____ ENTRIES PROVIDED
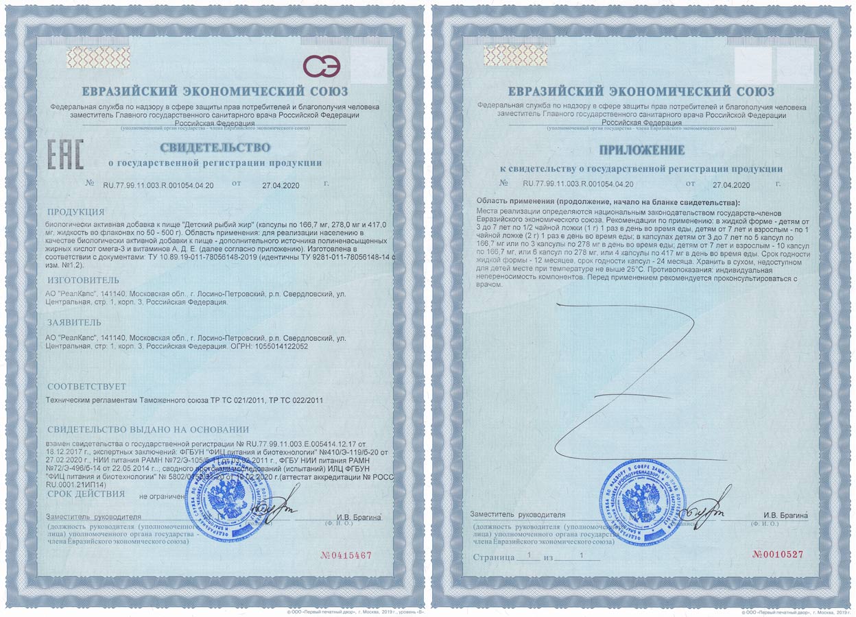 “Child’s Fish Oil” is registered by the Russian Federal Service for Surveillance on Consumer Rights Protection and Human Wellbeing (Rospotrebnadzor). Certificate of State Registration No.RU.77.99.11.003.Е.004965.03.15 dated 20.03.2015. Technical Specifications TS 9281-011-78056148-2014.
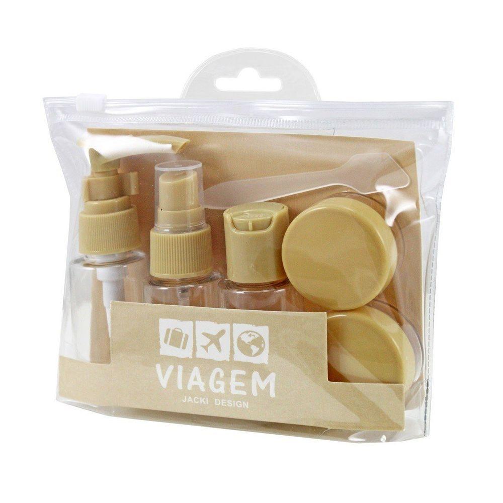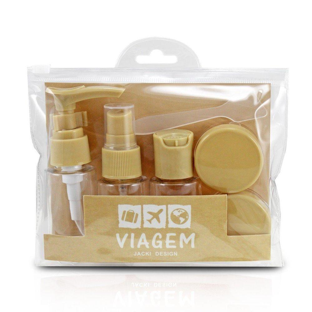 Kit De Bolsa Transparente E Frascos De Viagem De 7 Peças Bege
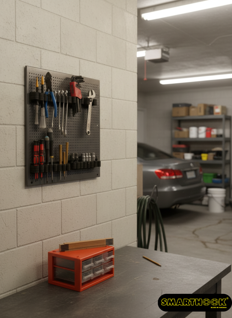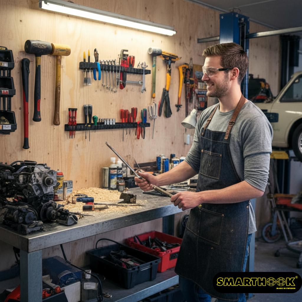 Där traditionella verktygshållare ofta är enformiga, platskrävande och dyra, erbjuder SmartHook en smart och enkel lösning på dessa problem. Vår produkt har en unik och effektiv vilket möjliggör förvaring av olika typer av verktyg på den ytan du vill, snabbt, smidigt och till ett lågt pris. En flexibel verktygshållare som skapar ordning och frigör plats i din verkstad, garage eller arbetsplats.
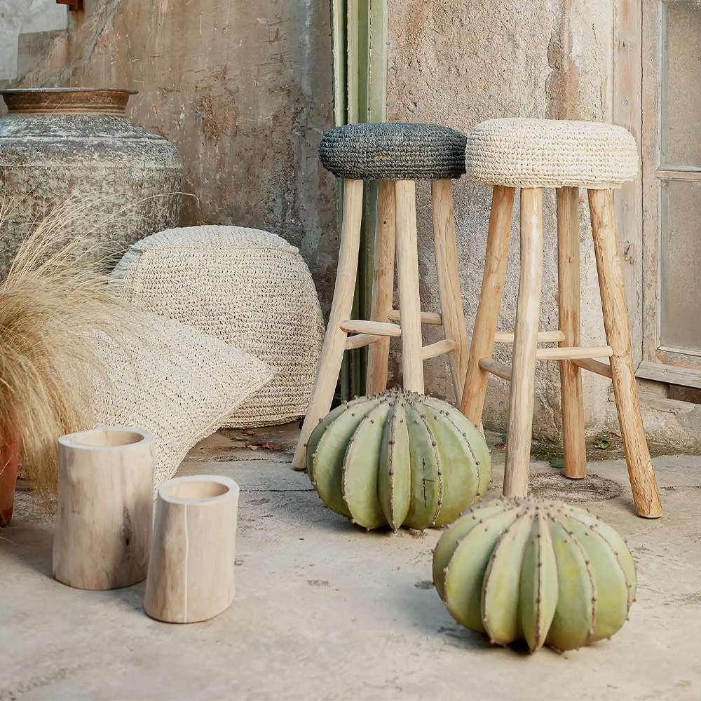 The Alga stool takes its name from the natural fibre that makes up its seat. It is sustainably grown seagrass, highly resistant, comfortable and 100% biodegradable. The remarkable thickness of its four sustainably sourced teak legs, together with the meticulous handcrafted assembly, make the use of crossbars superfluous to achieve perfect stability and solidity. A design that combines nature, tradition and functionality in a perfect synthesis of our principles. Available in two heights and two seat finishes: natural and black.
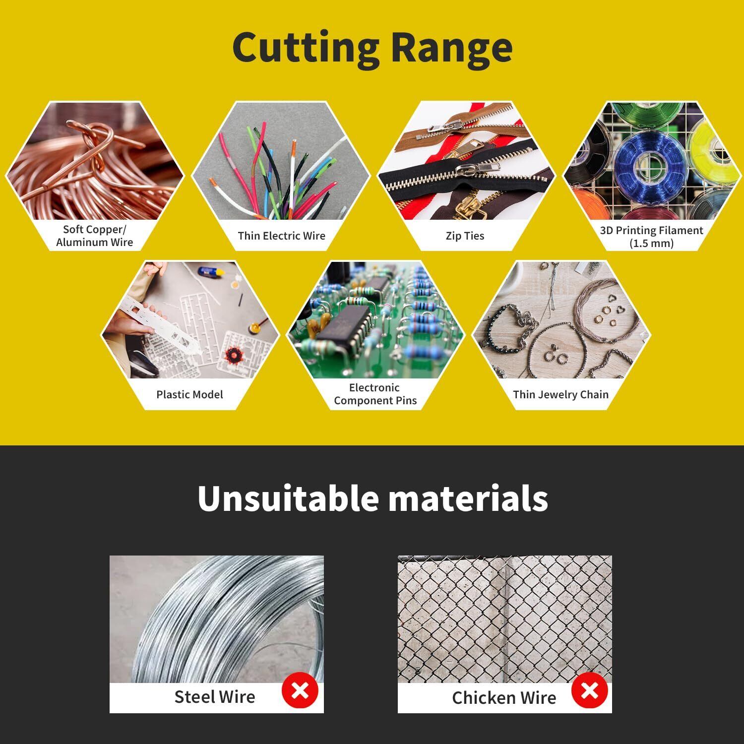 多用途の使用:これらの精密ニッパーは、最大16AWGの細い電線、アルミ、銅、軟金属線、ジッパータイ、さらにはプラスチックなど、さまざまな材料に対応しています。ジュエリー制作、プラスチックモデルの工作、電子部品の作業など、どの作業にも強力ニッパーは正確で効率的な切断を提供する理想的なツールです。
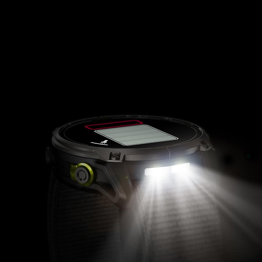 - You’re built to push limits — so is Enduro 3. This ultraperformance GPS smartwatch features a lightweight design and incredible battery life with solar charging that lasts up to 320 hours in GPS mode (assumes continuous use for entire period in 50,000 lux conditions). Light up the dark with the built-in LED flashlight, and enjoy long-distance comfort, thanks to a lightweight UltraFit nylon band.
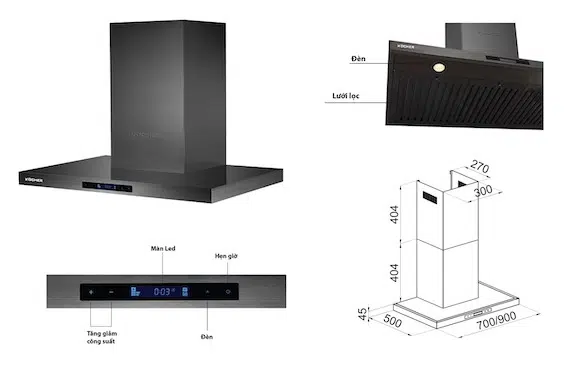 Máy hút mùi áp tường Kocher K 225MI 90cm có màu đen độc nhất, tôn lên vẻ sang trọng, đẳng cấp không gian bếp
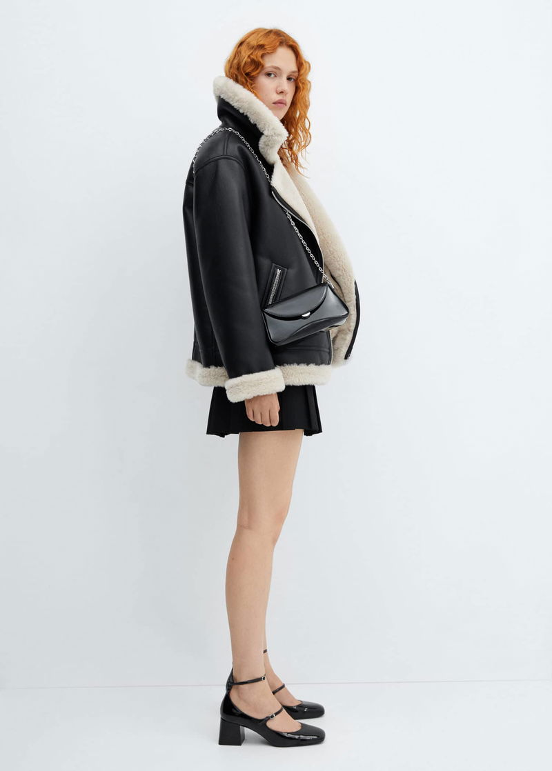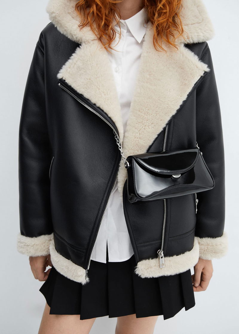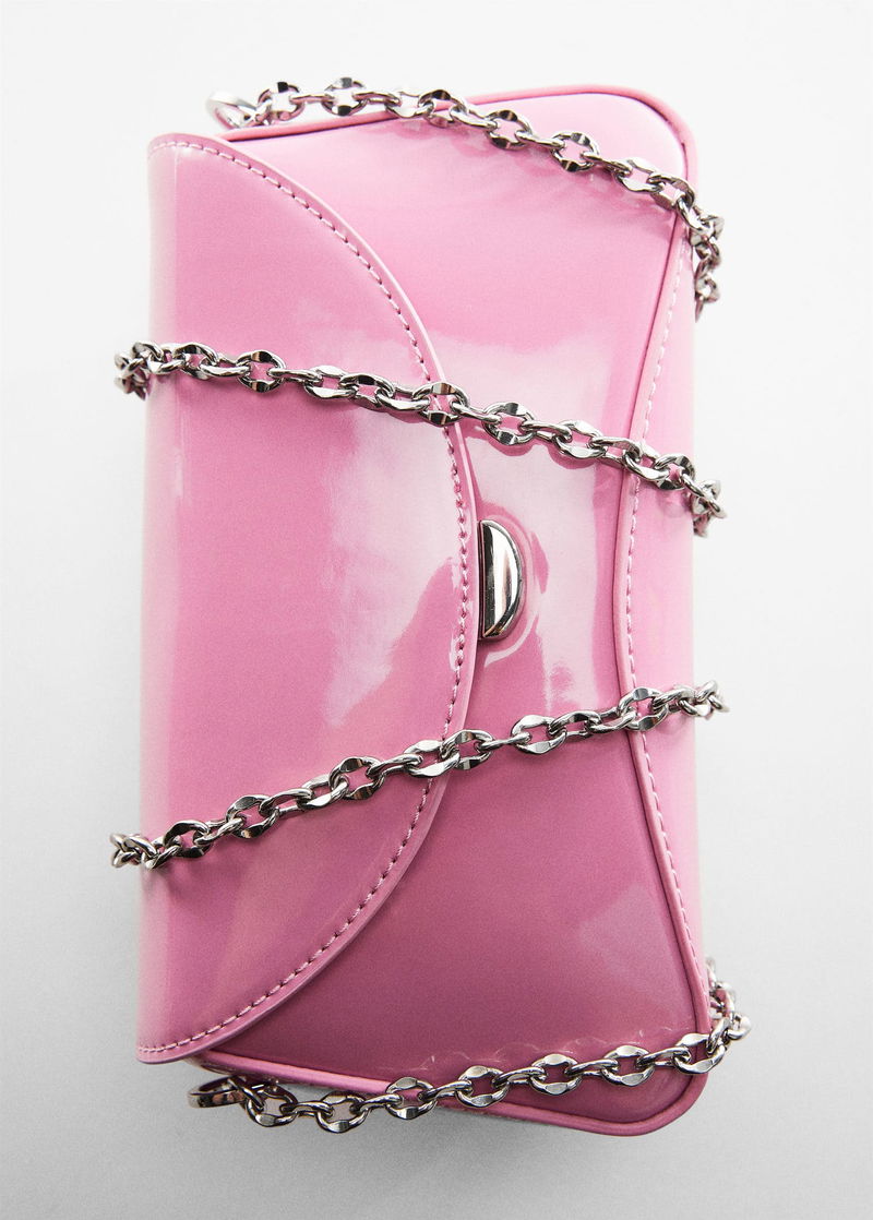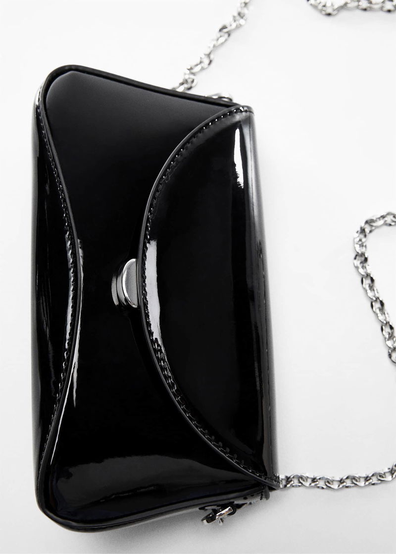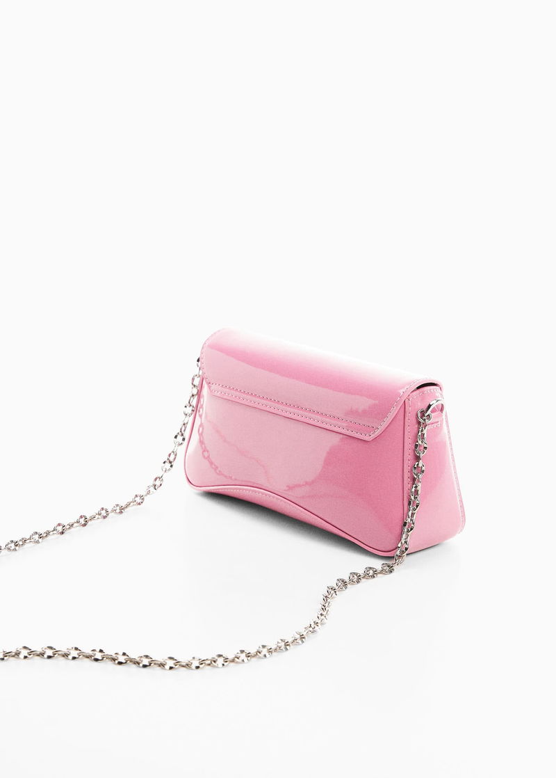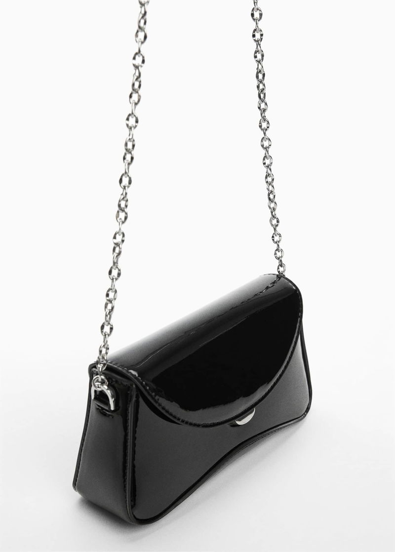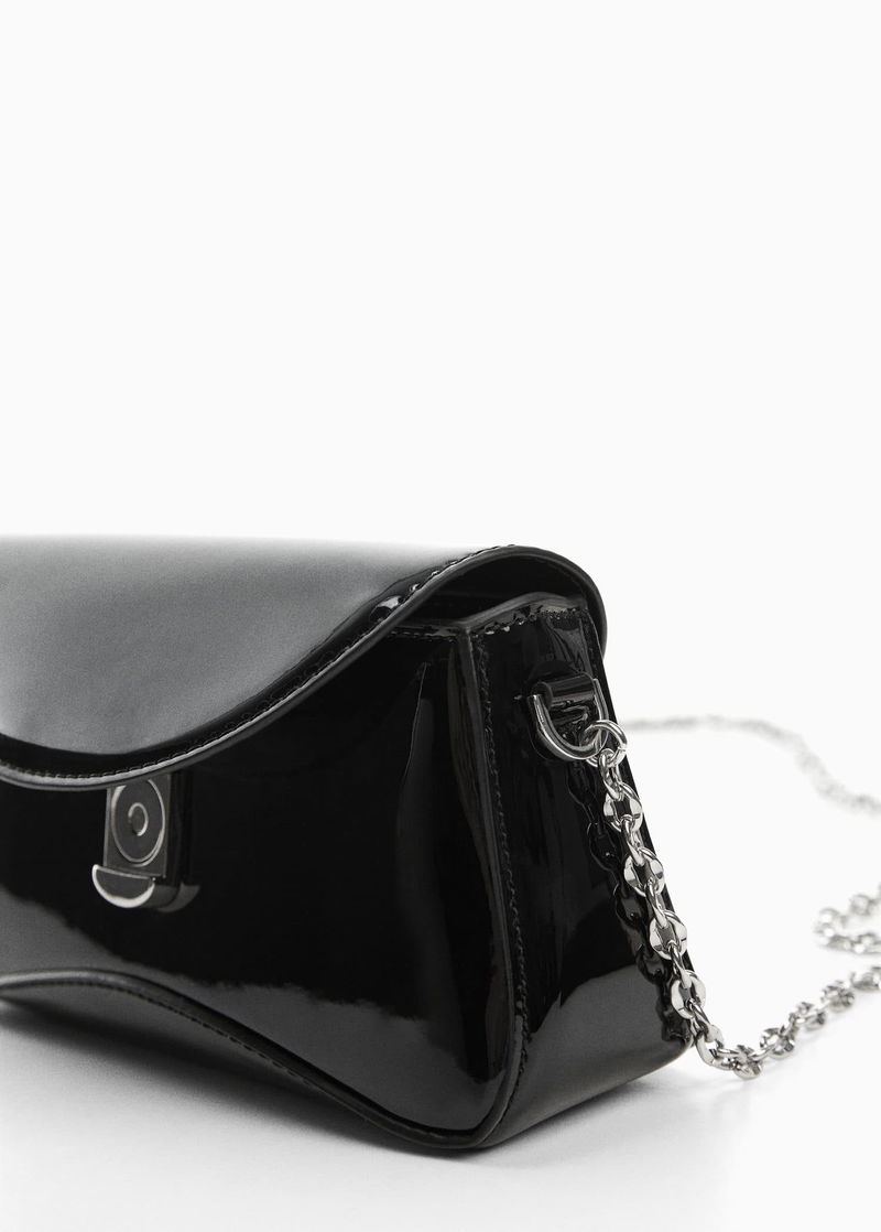 Small, Patent leather effect, Short chain strap, Flap closure, One press stud fastening, Inner lining.
________
▶ [REQUIREMENT]: Hand back the exact lines from the start of the entries to the line with "Där traditionella verktygshållare", both ends kept and pictures left out.

▶ [ANSWER FOR THIS EXERCISE]:
 “Child’s Fish Oil” is registered by the Russian Federal Service for Surveillance on Consumer Rights Protection and Human Wellbeing (Rospotrebnadzor). Certificate of State Registration No.RU.77.99.11.003.Е.004965.03.15 dated 20.03.2015. Technical Specifications TS 9281-011-78056148-2014.
 Kit De Bolsa Transparente E Frascos De Viagem De 7 Peças Bege
 Där traditionella verktygshållare ofta är enformiga, platskrävande och dyra, erbjuder SmartHook en smart och enkel lösning på dessa problem. Vår produkt har en unik och effektiv vilket möjliggör förvaring av olika typer av verktyg på den ytan du vill, snabbt, smidigt och till ett lågt pris. En flexibel verktygshållare som skapar ordning och frigör plats i din verkstad, garage eller arbetsplats.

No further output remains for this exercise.